Tag each with the relevant subcategory from the taxonomy

Cluster and deduplicate:

Merge near-duplicate themes. Examples:
- "AI code review" + "LLM-powered code review" + "automated PR review" -> "AI-Powered Code Review"
- "shift-left security" + "developer-first security" -> "Developer-First Security Tooling"
Pick canonical names that are specific enough to be useful, generic enough to cover the cluster

Filter low-yield themes (Phase 1 radar requirement):

After clustering, drop any theme that produces fewer than 3 mappable companies in Step 7. A theme without investable companies is signal noise — better to surface 6 themes × 8 companies than 12 themes × 2 companies.

Operationally: do a quick first pass through Step 7's company mapping for each candidate theme. If a theme yields fewer than 3 companies (across seed map, evidence, and GitHub data combined), drop it from the radar before scoring momentum. Note the dropped themes in the persistence record so future scans can detect when a previously-dropped theme starts producing companies.

Score each theme -- Momentum (1-10):

Assign a transparent momentum score. For each theme, weigh these factors:

Factor	Weight	What to look for
Recency	High	Are discussions from the last 1-2 weeks?
Source diversity	High	Does it appear across multiple independent sources?
Repetition density	Medium	How many distinct mentions vs one viral post?
Engagement signals	Medium	High upvotes/comments/stars on related content?
Novelty	Medium	Is this a NEW conversation or evergreen background chatter?
Technical specificity	Low	Specific tools/approaches mentioned vs vague hand-waving?
GitHub velocity	Low	Are related repos showing star acceleration?

Rubric:

8-10: Breakout -- multiple sources, very recent, specific tools named, high engagement, new conversation
5-7: Rising -- clear signal but fewer sources, or overlaps with existing known trends
3-4: Ambient -- mentioned but not clearly accelerating, could be background noise
1-2: Faint -- single source, low engagement, or possibly stale

You MUST explain how you arrived at each score in 1-2 sentences.

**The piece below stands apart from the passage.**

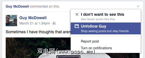 从此处可以取消关注,这意味着您“将不再看到该人的帖子,但他会继续看到您的帖子,就Guy而言,还会发布爸爸的笑话。

Rate confidence (low / medium / high):

High: Multiple independent sources, specific evidence, corroborated
Medium: Clear signal but limited sources or partially inferred
Low: Thin evidence, single source, or extrapolated

Assess investment timing (early / mid / late):

Early: Problem is being discussed, OSS projects emerging, no clear commercial winners
Mid: Commercial players exist, some funding, category is forming
Late: Well-known category, established players, late-stage rounds

Hype vs Durable verdict: One blunt sentence. Example: "Durable -- real pain point with multiple well-funded solutions." or "Likely hype -- single viral post driving most of the signal, unclear staying power."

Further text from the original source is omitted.